* [Task to carry out] Unless it is a picture, every line from the start of the entries through the line with "FYD 407,Creamy Tulle" must be retyped exactly.

--

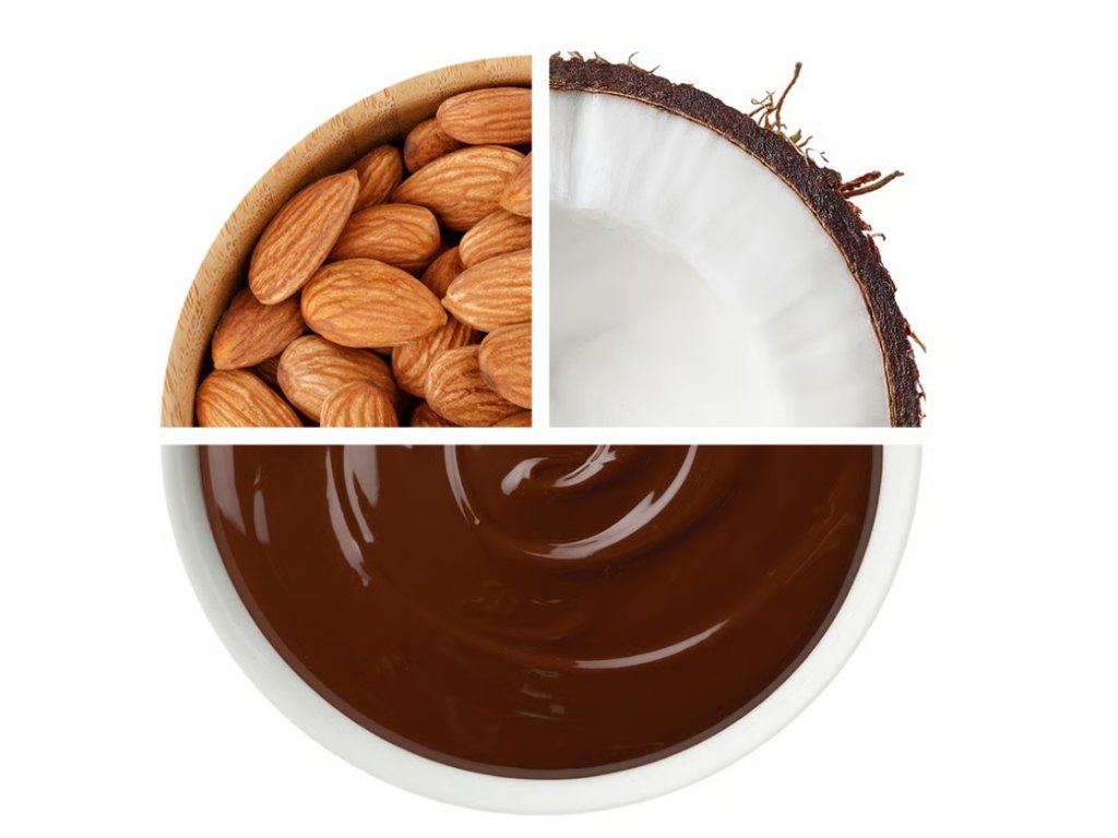 Arašídy, glukózový sirup, sójový extrudát (sójový proteinový izolát, tapiokový škrob, sůl), hořká čokoláda 12 % (kakaová hmota, cukr, kakaové máslo, kakao, emulgátory sójový lecitin a polyglycerolpolyricinoleát, vanilkový extrakt), mandle 8 %, kokos 8 % (kokos, antioxidant oxid siřičitý), fruktóza, med 3 %, emulgátor řepkový lecitin, aroma. Může obsahovat stopy i jiných druhů ořechů a sezamu.
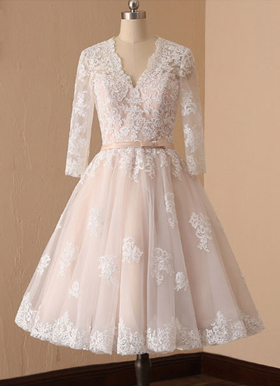 FYD 407,Creamy Tulle Lace Short Prom Dress, Bridesmaid Dress With Sleeves
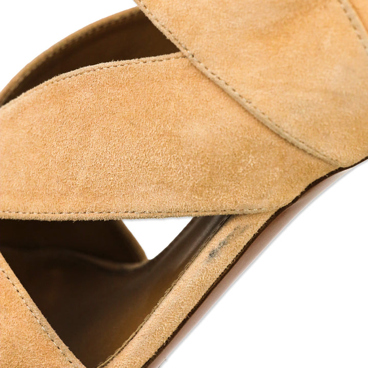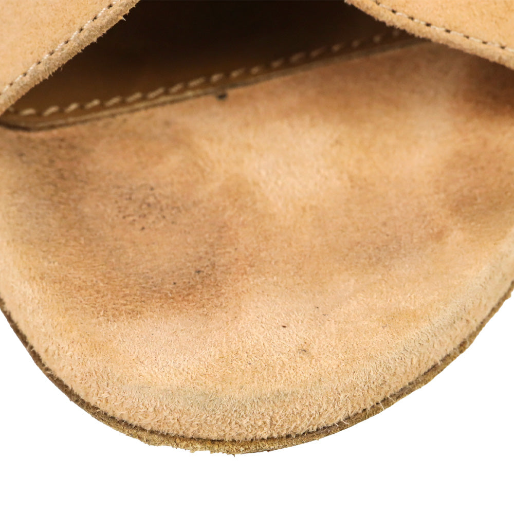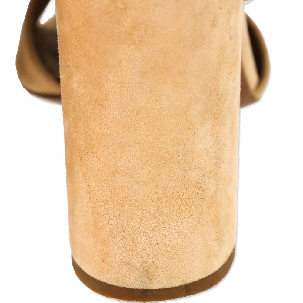 The Chloé Peach Suede Graphic Leaves Sandal embodies 1970s Parisian romance with its open-toe silhouette and botanical-inspired detailing. Crafted from peach suede with a high block heel and side buckle fastening, this size 38.5 sandal merges nostalgic femininity with modern elegance - a quintessential Chloé statement piece.
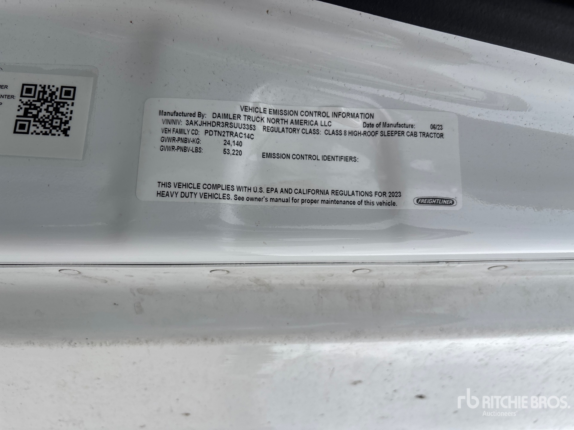 Detroit DD15 505 hp Engine, 2023 US EPA Label, Detroit DT12-1650-OHE 12-Speed Automated Transmission, 13220 lb Front Axle, 40000 lb Rears, 53220 lb GVWR, Engine Brake, Double Differential Locks, High Rise Sleeper Cab, Bunk Beds, Air Suspension, Aluminum Wheels, 11R22.5, Air Sliding 5th Wheel, Dual Fuel Tanks
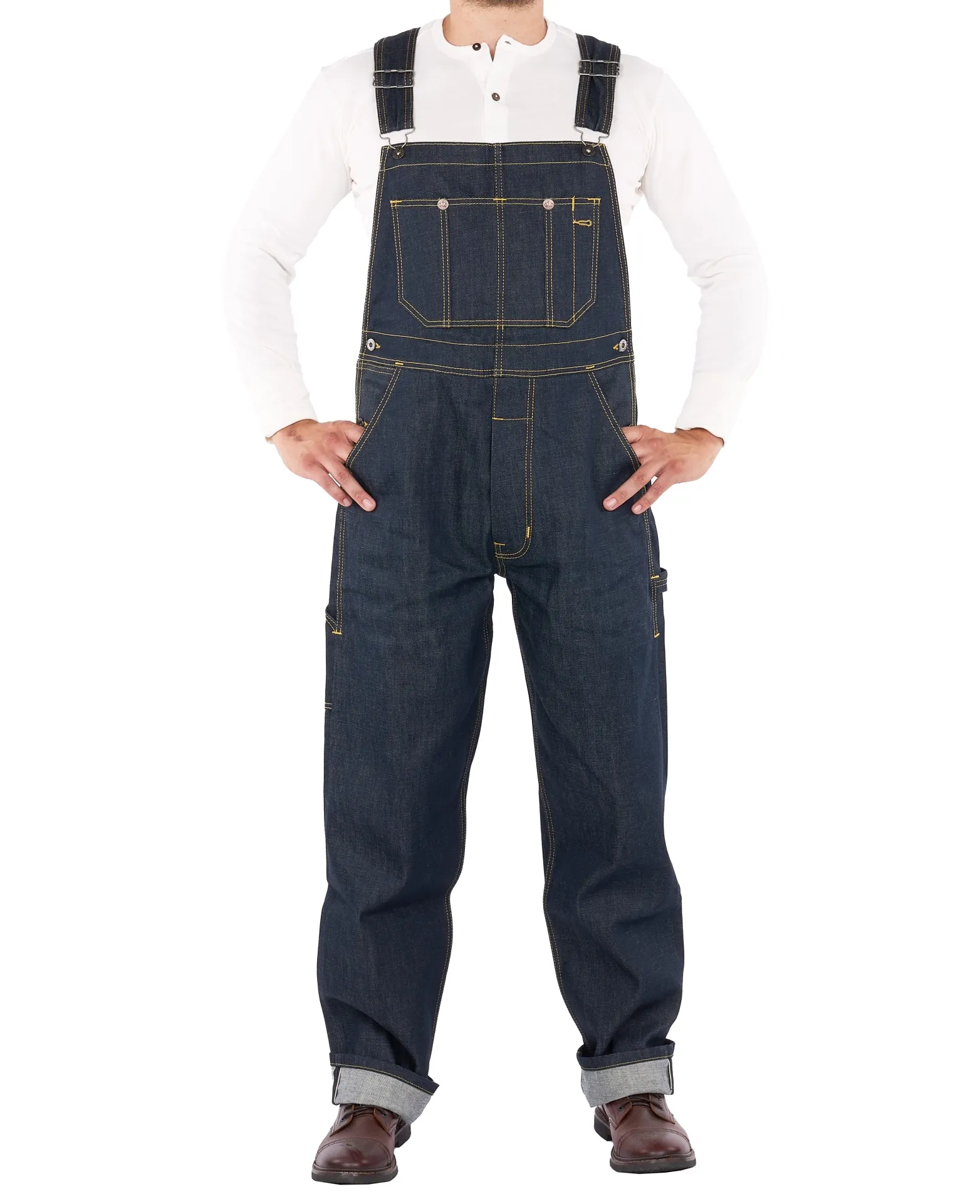 Verdaderos baberos de ropa de trabajo como los que se usaban a mediados de la década de 1950. Nuestro babero Mechanic está confeccionado con denim de orillo. Independientemente de los costos y la mano de obra, fabricamos una tela de mezclilla que es verdaderamente única. El ajuste es tan elegante como cómodo, para su trabajo y tareas diarias.
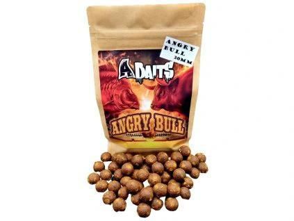 Vlastnosti boiliesu : Vývoj a testovanie boilies Angry Bull bolo viac ako 2. roky kým sa spustil jeho predaj. Boilies má dosť unikátnu štruktúru receptu. Má mäsovo - pečeňový základ a podtón dolaďuje cesnakový extrakt (nie aróma). Bol tvorený hlavne na zotrvanie ryby na kŕmnom mieste aj keď je hladina narúšaná rôznymi vplyvmi napr. člnmi, prevážkami a pod. Má rôzne doplnkové zložky ako Betain, výťažok z chilli, atraktant DMPT silne stimuluje čuch, chuť, pohyblivosť rýb a odolnosť voči stresu. Neoddeliteľnou súčasťou je mix Robin Orange a Robin Gold, ktorý dodáva nástrahe výraznú korenistosť. Má jedinečnú vôňu a chuť ktorú žiadny iný boilies nemá. Jeho selektívnosť a detailné zloženie nám pomohlo na IBCC obhájiť v sektore 1. miesto, kde sa týmto boiliesom podarilo udržať ryby na lovnom mieste.

--

* [Answer to this task]
 Arašídy, glukózový sirup, sójový extrudát (sójový proteinový izolát, tapiokový škrob, sůl), hořká čokoláda 12 % (kakaová hmota, cukr, kakaové máslo, kakao, emulgátory sójový lecitin a polyglycerolpolyricinoleát, vanilkový extrakt), mandle 8 %, kokos 8 % (kokos, antioxidant oxid siřičitý), fruktóza, med 3 %, emulgátor řepkový lecitin, aroma. Může obsahovat stopy i jiných druhů ořechů a sezamu.
 FYD 407,Creamy Tulle Lace Short Prom Dress, Bridesmaid Dress With Sleeves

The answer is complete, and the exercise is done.